▶ _Exercise details_
Output every line of the material exactly, omitting images.

============================================================

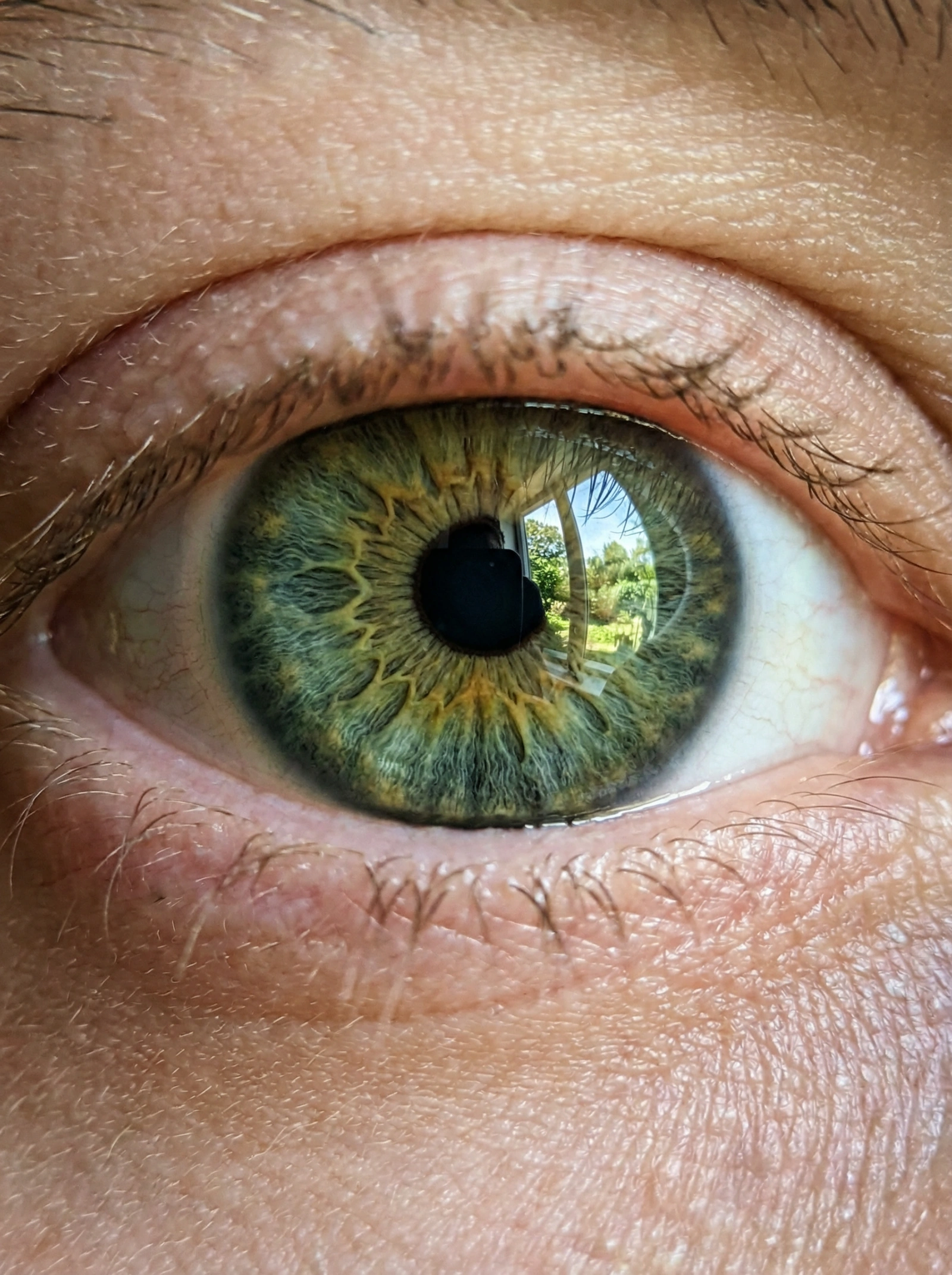 Create an extreme macro close-up of a human eye. Detail the intricate patterns of the green iris and the reflection of a window in the pupil. The skin texture around the eye should be visible and realistic.
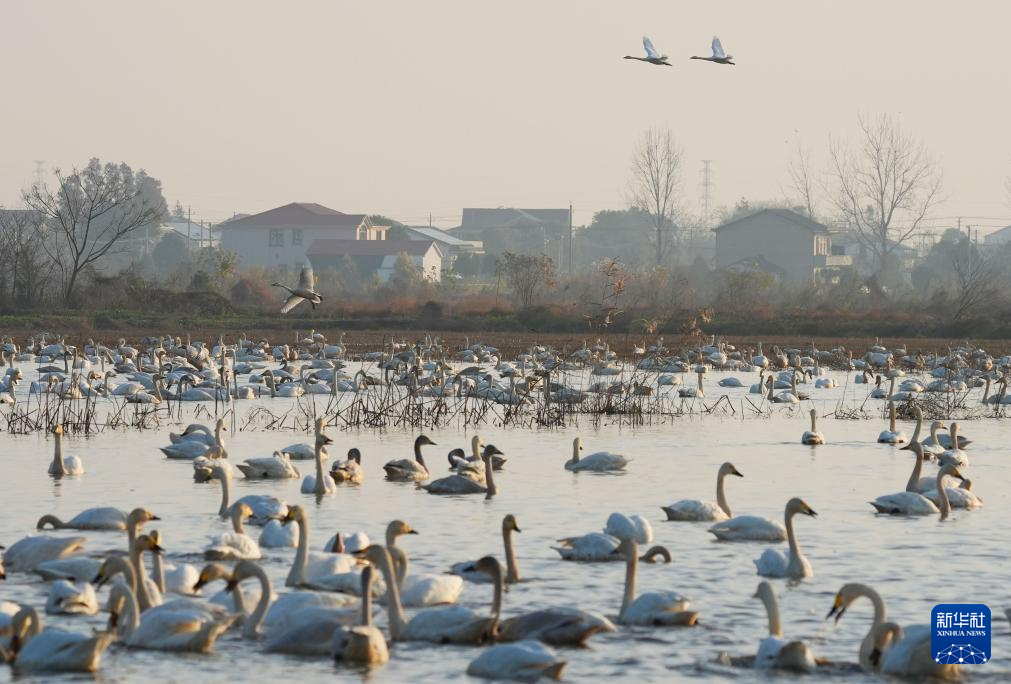 12月15日在湖南省岳阳市汨罗市屈原管理区东古湖湿地拍摄的小天鹅。
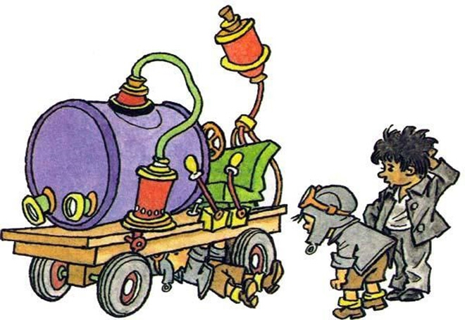 Вспоминайте и пишите нам художественные произведения, в которых герои изобрели что-то фантастическое. Например, в «Приключениях Незнайки» был описан чудо-автомобиль, который работал на газированной воде с сиропом. А в книге «Механический Дед Мороз» Нурдквиста старик Петсон изобрёл и смастерил для своего котёнка Финдуса самого настоящего механического Деда Мороза.
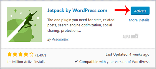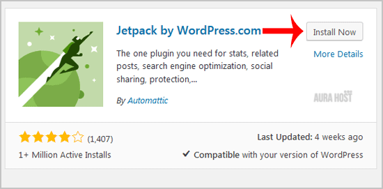 4. The available plugins matching the keyword "Jetpack" will appear. Click on the "Install" button which appear next to the plugin"s name.
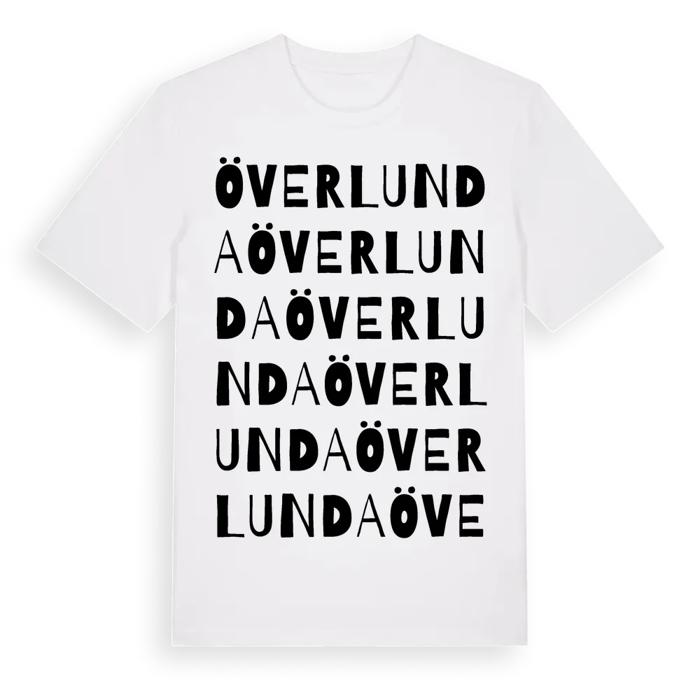 Överlunda ordlek t-shirt är inspirerad av Överlunda i Stockholms län, Sverige. Tröjan är designad för dig som har en speciell koppling till platsen – oavsett om du bor här, har rötterna här eller bara älskar Överlunda.
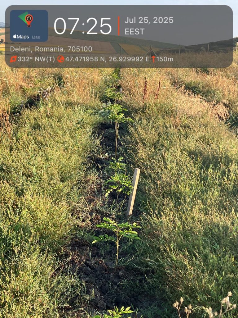 Obiective proiectului: Proiectul de împădurire propune realizarea unei plantații forestiere pe o suprafață de 11,4918 ha, pe raza U.A.T Deleni, județul Iasi, cu puieți forestieri din speciile: 50Go 20Fr 20 Pa 10 Ci. Perioada de realizare a investiției este de 20 ani și cuprinde lucrări de pregătire a terenului si imprejmuire, plantarea puieților forestieri și lucrări de îngrijire a acestora. Prin atingerea stării de masiv, plantația forestieră contribuie la sechestrarea carbonului în contextul schimbărilor climatice, cât și ca element de biodiversitate – habitate de hrănire, adăpost și hrană pentru diferite specii de păsări și mamifere.
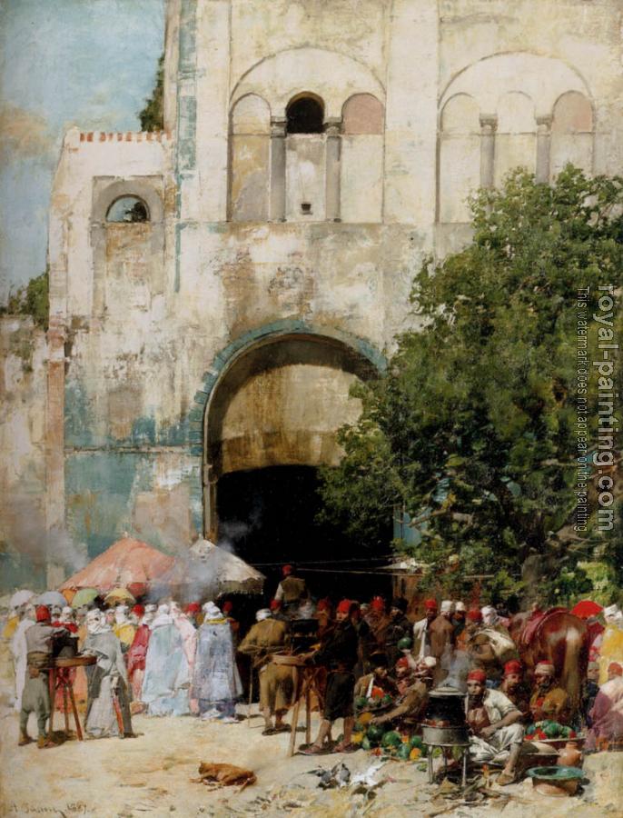 * Hand-painted Alberto Pasini Oil Painting Reproduction : market Day Constantinople

============================================================

▶ _Answer to this problem_
 Create an extreme macro close-up of a human eye. Detail the intricate patterns of the green iris and the reflection of a window in the pupil. The skin texture around the eye should be visible and realistic.
 12月15日在湖南省岳阳市汨罗市屈原管理区东古湖湿地拍摄的小天鹅。
 Вспоминайте и пишите нам художественные произведения, в которых герои изобрели что-то фантастическое. Например, в «Приключениях Незнайки» был описан чудо-автомобиль, который работал на газированной воде с сиропом. А в книге «Механический Дед Мороз» Нурдквиста старик Петсон изобрёл и смастерил для своего котёнка Финдуса самого настоящего механического Деда Мороза.
 4. The available plugins matching the keyword "Jetpack" will appear. Click on the "Install" button which appear next to the plugin"s name.
 Överlunda ordlek t-shirt är inspirerad av Överlunda i Stockholms län, Sverige. Tröjan är designad för dig som har en speciell koppling till platsen – oavsett om du bor här, har rötterna här eller bara älskar Överlunda.
 Obiective proiectului: Proiectul de împădurire propune realizarea unei plantații forestiere pe o suprafață de 11,4918 ha, pe raza U.A.T Deleni, județul Iasi, cu puieți forestieri din speciile: 50Go 20Fr 20 Pa 10 Ci. Perioada de realizare a investiției este de 20 ani și cuprinde lucrări de pregătire a terenului si imprejmuire, plantarea puieților forestieri și lucrări de îngrijire a acestora. Prin atingerea stării de masiv, plantația forestieră contribuie la sechestrarea carbonului în contextul schimbărilor climatice, cât și ca element de biodiversitate – habitate de hrănire, adăpost și hrană pentru diferite specii de păsări și mamifere.
 * Hand-painted Alberto Pasini Oil Painting Reproduction : market Day Constantinople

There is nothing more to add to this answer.